Records from a dataset:

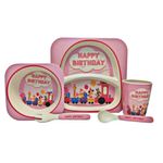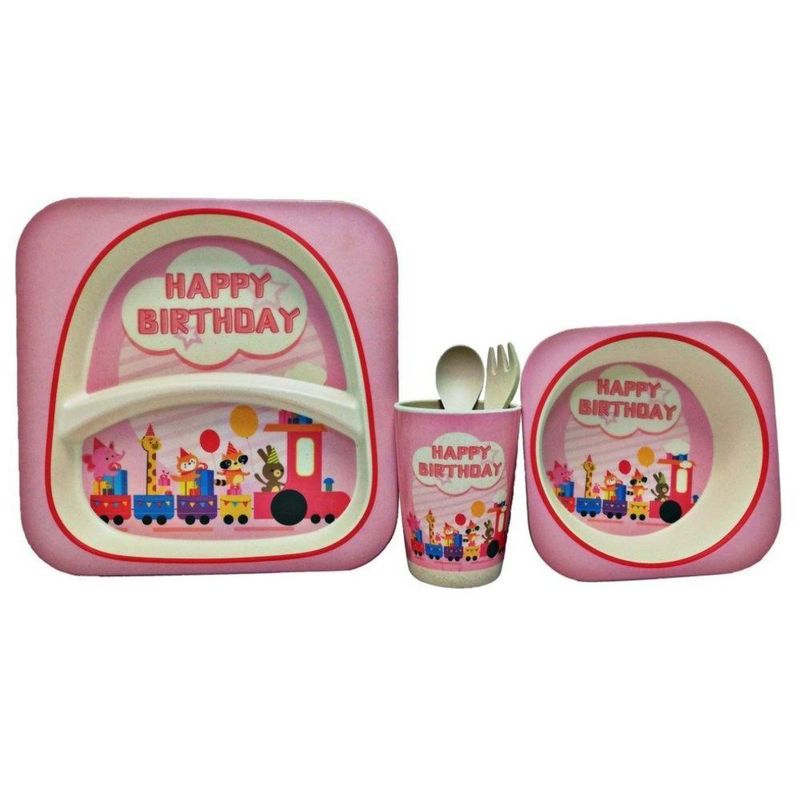 BebêsAlimentaçãoPratoKit P/Refeição Inf. Fibra Bambu 5PCS -Happy Birthday -Quanhe
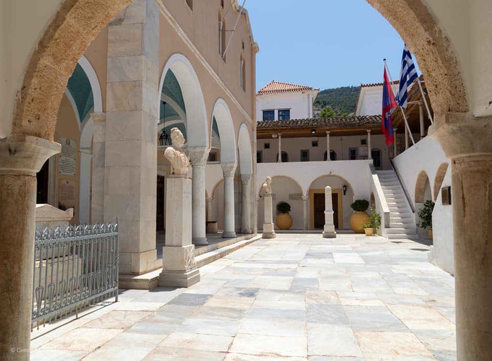 Στο προαύλιο μπορείτε να δείτε προτομές του Λάζαρου Κουντουριώτη, του Ανδρέα Μιαούλη, του Βασιλέως Γεωργίου Α΄ και του Αντώνη Λιγνού, φιλοτεχνημένες από τον Δημήτρη Φιλιππότη.
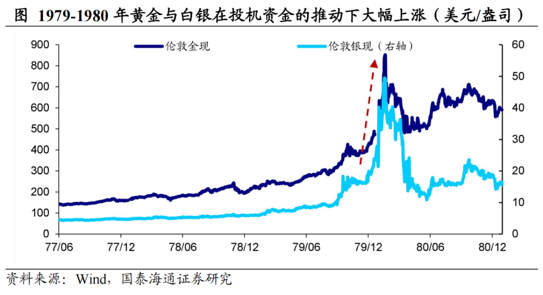 极端的投机情绪不仅推升了金价的飙升,也在白银市场上有明显体现。其中,最为典型的便是亨特兄弟试图垄断全球白银市场的逼空行为。当时亨特兄弟控制了大量的白银库存并在期货市场大举做多,白银价格从 1979 年 11 月的 16 美元 / 盎司暴涨至 1980 年 1 月的 49 美元 / 盎司。白银的非理性暴涨产生了强烈的溢出效应,也刺激了投机者对黄金的看涨情绪。白银和黄金的价格在 1980 年 1 月中下旬同步触及了历史高点。
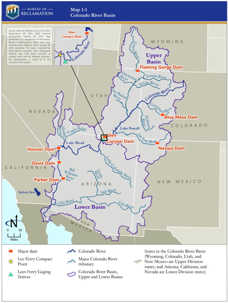 While the four Upper Basin states in the compact — Colorado, New Mexico, Utah, and Wyoming — rely predominantly on snowpack for water supply, the Lower Basin states — Arizona, California, and Nevada — rely on releases from Lake Powell and Lake Mead.
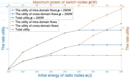 Furthermore, Figure 6 illustrates the impact of the energy limitation of equipment on the rate utility. It can be seen that the value of total utility solved by the proposed algorithm firstly increases along with the initial energy of radio nodes until J, . The higher initial energy allows radio nodes to provide higher transmission rates to complete data delivery. Hence, IIoT users can obtain more efficient services, which increases the value of total utility. As the initial energy of the radio nodes exceed 2600(J), the value of total utility remains unchanged. The reason why the value of total utility no longer increases is the presence of other constrained resources. For example, the maximum power constraint of switches also impacts flow rates. Besides, as shown in Figure 6, when the initial energy of radio nodes is high, increasing the maximum power of switches will significantly increase the utility value of cross-domain flows, but will not change the utility value of intra-domain flows. This is because a large number of cross-domain flows pass through switches per unit time, while intra-domain flows do not. Therefore, it is necessary to carefully consider the maximum energy consumption per unit time for each radio device and switch. By doing so, we both improve the utilization of constrained resources, and reduce the equipment cost of IIoT networks.

Task statement: Using the data above, print every line exactly, omitting pictures.

Result for this exercise:
 BebêsAlimentaçãoPratoKit P/Refeição Inf. Fibra Bambu 5PCS -Happy Birthday -Quanhe
 Στο προαύλιο μπορείτε να δείτε προτομές του Λάζαρου Κουντουριώτη, του Ανδρέα Μιαούλη, του Βασιλέως Γεωργίου Α΄ και του Αντώνη Λιγνού, φιλοτεχνημένες από τον Δημήτρη Φιλιππότη.
 极端的投机情绪不仅推升了金价的飙升,也在白银市场上有明显体现。其中,最为典型的便是亨特兄弟试图垄断全球白银市场的逼空行为。当时亨特兄弟控制了大量的白银库存并在期货市场大举做多,白银价格从 1979 年 11 月的 16 美元 / 盎司暴涨至 1980 年 1 月的 49 美元 / 盎司。白银的非理性暴涨产生了强烈的溢出效应,也刺激了投机者对黄金的看涨情绪。白银和黄金的价格在 1980 年 1 月中下旬同步触及了历史高点。
 While the four Upper Basin states in the compact — Colorado, New Mexico, Utah, and Wyoming — rely predominantly on snowpack for water supply, the Lower Basin states — Arizona, California, and Nevada — rely on releases from Lake Powell and Lake Mead.
 Furthermore, Figure 6 illustrates the impact of the energy limitation of equipment on the rate utility. It can be seen that the value of total utility solved by the proposed algorithm firstly increases along with the initial energy of radio nodes until J, . The higher initial energy allows radio nodes to provide higher transmission rates to complete data delivery. Hence, IIoT users can obtain more efficient services, which increases the value of total utility. As the initial energy of the radio nodes exceed 2600(J), the value of total utility remains unchanged. The reason why the value of total utility no longer increases is the presence of other constrained resources. For example, the maximum power constraint of switches also impacts flow rates. Besides, as shown in Figure 6, when the initial energy of radio nodes is high, increasing the maximum power of switches will significantly increase the utility value of cross-domain flows, but will not change the utility value of intra-domain flows. This is because a large number of cross-domain flows pass through switches per unit time, while intra-domain flows do not. Therefore, it is necessary to carefully consider the maximum energy consumption per unit time for each radio device and switch. By doing so, we both improve the utilization of constrained resources, and reduce the equipment cost of IIoT networks.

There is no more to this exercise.